• _What to do_
Quote only the lines from the top of the listing below down to and including the line with "The burnt orange".

• _The data_
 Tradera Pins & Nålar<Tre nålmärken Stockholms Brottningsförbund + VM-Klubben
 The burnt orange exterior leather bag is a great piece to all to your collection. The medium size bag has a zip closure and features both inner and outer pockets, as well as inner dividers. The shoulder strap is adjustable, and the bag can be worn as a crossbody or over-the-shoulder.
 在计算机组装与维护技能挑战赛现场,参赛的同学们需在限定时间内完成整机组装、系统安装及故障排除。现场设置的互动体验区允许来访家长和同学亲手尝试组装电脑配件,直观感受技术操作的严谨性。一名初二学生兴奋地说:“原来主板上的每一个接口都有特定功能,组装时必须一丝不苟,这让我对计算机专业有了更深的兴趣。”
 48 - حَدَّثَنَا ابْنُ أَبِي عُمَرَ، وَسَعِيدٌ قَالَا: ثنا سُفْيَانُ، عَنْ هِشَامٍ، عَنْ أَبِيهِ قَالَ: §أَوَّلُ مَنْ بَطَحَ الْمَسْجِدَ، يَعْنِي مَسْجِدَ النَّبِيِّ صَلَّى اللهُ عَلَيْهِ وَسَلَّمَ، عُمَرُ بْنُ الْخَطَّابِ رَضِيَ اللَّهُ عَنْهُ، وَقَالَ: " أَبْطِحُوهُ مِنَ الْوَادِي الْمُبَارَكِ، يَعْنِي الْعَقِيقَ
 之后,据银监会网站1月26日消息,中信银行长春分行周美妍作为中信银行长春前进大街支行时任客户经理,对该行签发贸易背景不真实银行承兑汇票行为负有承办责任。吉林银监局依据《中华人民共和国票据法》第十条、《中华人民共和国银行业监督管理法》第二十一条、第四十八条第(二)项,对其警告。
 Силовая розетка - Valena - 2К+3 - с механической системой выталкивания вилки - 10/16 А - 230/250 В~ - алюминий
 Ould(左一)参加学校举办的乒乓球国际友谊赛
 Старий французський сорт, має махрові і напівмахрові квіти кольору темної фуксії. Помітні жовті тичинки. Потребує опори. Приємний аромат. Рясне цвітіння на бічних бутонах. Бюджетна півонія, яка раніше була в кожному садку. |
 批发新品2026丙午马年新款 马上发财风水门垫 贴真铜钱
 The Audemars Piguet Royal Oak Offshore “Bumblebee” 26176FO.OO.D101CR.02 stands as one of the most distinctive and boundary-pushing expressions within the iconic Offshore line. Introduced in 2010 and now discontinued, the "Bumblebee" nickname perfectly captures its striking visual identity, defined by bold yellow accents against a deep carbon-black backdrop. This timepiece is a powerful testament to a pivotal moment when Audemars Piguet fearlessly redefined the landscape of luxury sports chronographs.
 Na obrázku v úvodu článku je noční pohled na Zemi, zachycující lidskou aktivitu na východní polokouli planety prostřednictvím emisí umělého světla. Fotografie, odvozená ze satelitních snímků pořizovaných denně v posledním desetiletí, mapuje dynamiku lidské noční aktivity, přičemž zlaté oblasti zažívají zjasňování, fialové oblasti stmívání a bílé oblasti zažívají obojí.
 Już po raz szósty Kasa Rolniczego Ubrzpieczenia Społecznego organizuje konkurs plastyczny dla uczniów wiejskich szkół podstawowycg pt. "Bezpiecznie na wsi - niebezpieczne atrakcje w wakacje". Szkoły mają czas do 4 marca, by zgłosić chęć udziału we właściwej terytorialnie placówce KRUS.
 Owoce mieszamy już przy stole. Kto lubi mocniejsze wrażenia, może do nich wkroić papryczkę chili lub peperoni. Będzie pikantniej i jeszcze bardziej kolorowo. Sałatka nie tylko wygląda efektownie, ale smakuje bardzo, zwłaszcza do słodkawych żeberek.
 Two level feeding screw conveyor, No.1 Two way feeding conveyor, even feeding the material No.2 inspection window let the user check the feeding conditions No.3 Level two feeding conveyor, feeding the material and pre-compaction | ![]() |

• _Written answer_
 Tradera Pins & Nålar<Tre nålmärken Stockholms Brottningsförbund + VM-Klubben
 The burnt orange exterior leather bag is a great piece to all to your collection. The medium size bag has a zip closure and features both inner and outer pockets, as well as inner dividers. The shoulder strap is adjustable, and the bag can be worn as a crossbody or over-the-shoulder.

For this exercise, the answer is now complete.